The dynamics of a class of quasi-periodic Schrödinger cocycles

Kristian Bjerklöv

Published 2013-11-21Version 1

Let $f:\mathbb{T}\to\mathbb{R}$ be a Morse function of class $C^2$ with exactly two critical points, let $\omega\in\mathbb{T}$ be Diophantine, and let $\lambda>0$ be sufficiently large (depending on $f$ and $\omega$). For any value of the parameter $E\in \mathbb{R}$ we make a careful analysis of the dynamics of the skew-product map $$\Phi_E(\theta,r)=\left(\theta+\omega,\lambda f(\theta)-E-1/r\right),$$ acting on the "torus" $\mathbb{T}\times\widehat{\mathbb{R}}$. The map $\Phi_E$ is intimately related to the quasi-periodic Schr\"odinger cocycle $(\omega,A_E): \mathbb{T}\times \mathbb{R}^2 \to \mathbb{T}\times \mathbb{R}^2$, $(\theta,x)\mapsto (\theta+\omega, A_E(\theta)\cdot x)$, where $A_E:\mathbb{T}\to \text{SL}(2,\mathbb{R})$ is given by $A_{E}(\theta)=\left(\begin{matrix}0 & 1 \\ -1 & \lambda f(\theta)-E \end{matrix} \right), \quad E\in \mathbb{R}. $ More precisely, $(\omega,A_E)$ naturally acts on the space $\mathbb{T}\times\widehat{\mathbb{R}}$, and $\Phi_E$ is the map thus obtained.

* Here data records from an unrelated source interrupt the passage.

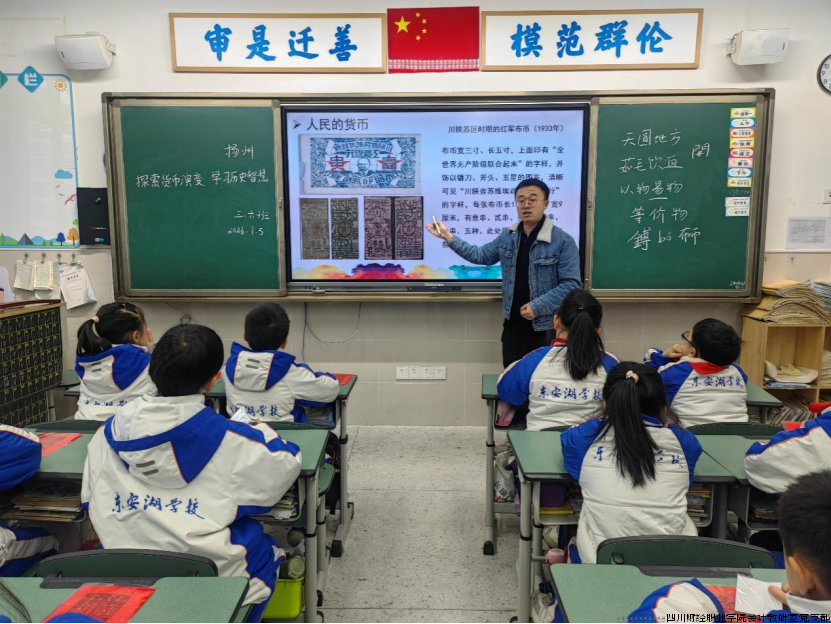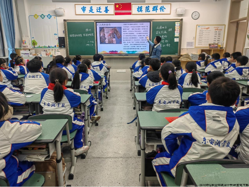 作为主讲人,唐进为2023级6班全体同学带来了一堂别开生面的“货币发展史”主题课。通过实物展示、故事讲述与问答互动相结合的形式,串联货币变迁历程,生动展现了从古代货币形态到现代信用体系的发展脉络。同时,有机嵌入川陕苏区红色货币、“钱衣裳”相关内容,在开拓学生眼界的同时,创新叙事方式与互动形式融入红色财经文化,让财经素养教育更加鲜活而深刻。
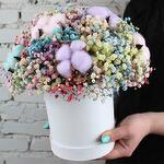 Композиция Гипсофила с хлопком в коробке
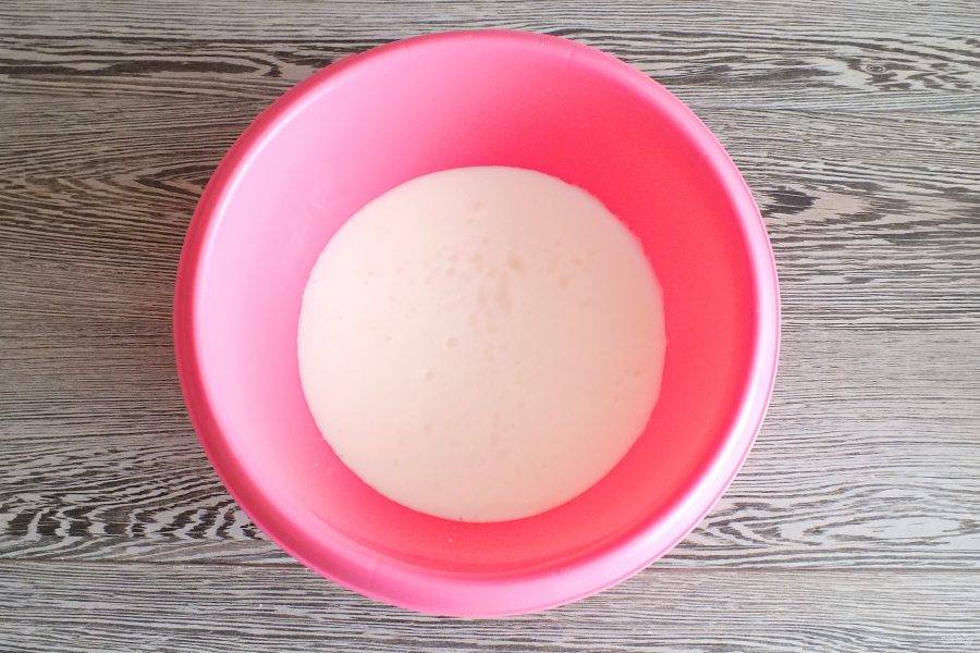 В чашу налейте кефир, добавьте соду. Перемешайте. Оставьте на 10 минут.
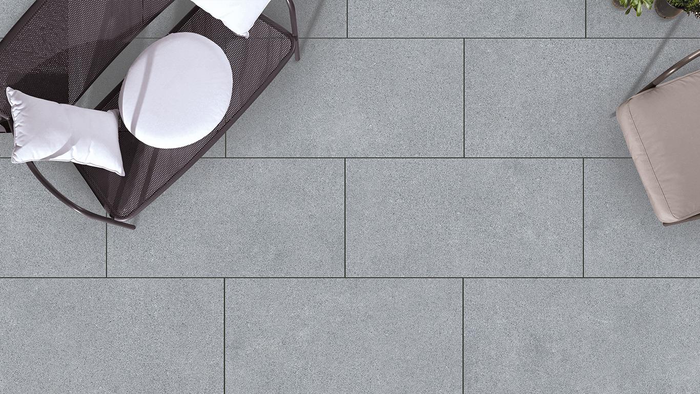 Zdjęcie z salonu Płytka tarasowa odwzorowuje chiński granit G654, znany z szaro-antracytowej szarości. Drobnoziarnista faktura płytki inspirowanej granitem G654 nadaje powierzchni jednolity wygląd. Kolorystyka jest stała, głęboka szarość i drobne czarne kryształki pozostają jednolite na całej powierzchni.

The analysis of $\Phi_E$ allows us to derive three main results: (1) The (maximal) Lyapunov exponent of the Schr\"odinger cocycle $(\omega,A_E)$ is $\gtrsim \log \lambda$, uniformly in $E\in \mathbb{R}$. This implies that the map $\Phi_E$ has exactly two ergodic probability measures for all $E\in \mathbb{R}$; (2) If $E$ is on the edge of an open gap in the spectrum $\sigma(H)$ of the associated Schr\"odinger operator $H_\theta$, then there exist a phase $\theta\in\mathbb{T}$ and a vector $u\in l^2(\mathbb{Z})$, exponentially decaying at $\pm\infty$, such that $H_\theta u=Eu$; (3) The map $\Phi_E$ is minimal iff $E\in \sigma(H)\setminus\{\text{edges of open gaps}\}$. In particular, $\Phi_E$ is minimal for all $E$ for which the fibered rotation number $\alpha(E)$ associated to $(\omega,A_E)$ is irrational with respect to $\omega$.